Intended for hardware developers to test their devices’ resistances against ‘juice jacking' (a form of data theft that extracts data as a device is charging), the USB Kill 2.0 permanently damaged--if not destroyed--95% of all devices it was tested with without the company’s proprietary USB protection shield. This shield is what allows the USB Kill 2.0 to be safely used for its intended purpose--to test electrical attack resistance.
What’s more, in some cases when used without the shield, the USB Kill 2.0 wipes data from the device. While this is not what the USB Kill 2.0 is intended to do, this occurs simply because the charge is enough to damage the device’s drive controllers.
Needless to say, a business saboteur could find great use in the $56 USB Kill 2.0 as a method of attack, and there aren’t many effective protections a workplace can implement, besides educating employees to resist the temptation of plugging in any USB device they find.
Best practices for workstation security dictate that a system be locked whenever its user steps away, no matter how briefly. However, a security researcher recently discovered a method of extracting data from a locked computer using, you guessed it, a USB-connected device. By disguising itself in a particular way, the target computer adopts the device as the preferred network interface, allowing the hacker to extract data to a rogue computer attached to the cable’s other end in about 13 seconds.
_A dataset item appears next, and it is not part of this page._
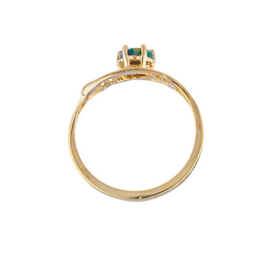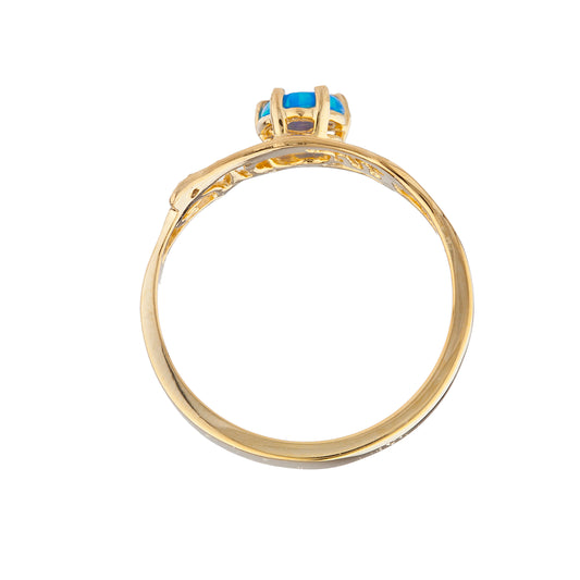14Kt Gold Blue Opal & Diamond Heart Mom Ring

The best defense, according to the researcher who uncovered this flaw: don’t leave your workstation logged in and unattended, even with the screen locked.
What a Business Can Do to Protect Itself
Of course, not all USBs are evil carriers of the worst malwares and threats, but by no means should they be used after being found on the street willy-nilly, especially in a workplace setting. In order to protect business workstations and data from threats, simply enforce a requirement to have any USBs fully checked by your IT department before in-office use. Alternatively, consider utilizing a cloud solution as a much safer option to meet your mobile storage needs.
To protect your business from possible saboteurs introducing their USB-based malware, it is also wise to secure exposed ports with locking devices.
While USB devices seem to be the pinnacle of affordable convenience in data storage, they are far more trouble than they are worth, at least in terms of security. There are much safer solutions to implement that feature equal, if not greater mobility than even a flash drive. A cloud solution, for instance, can be accessed from anywhere there is an Internet connection, kept safe in a well-protected, offsite location. New and improved solutions like these make risk-laden devices, such as USB dongles, unnecessary.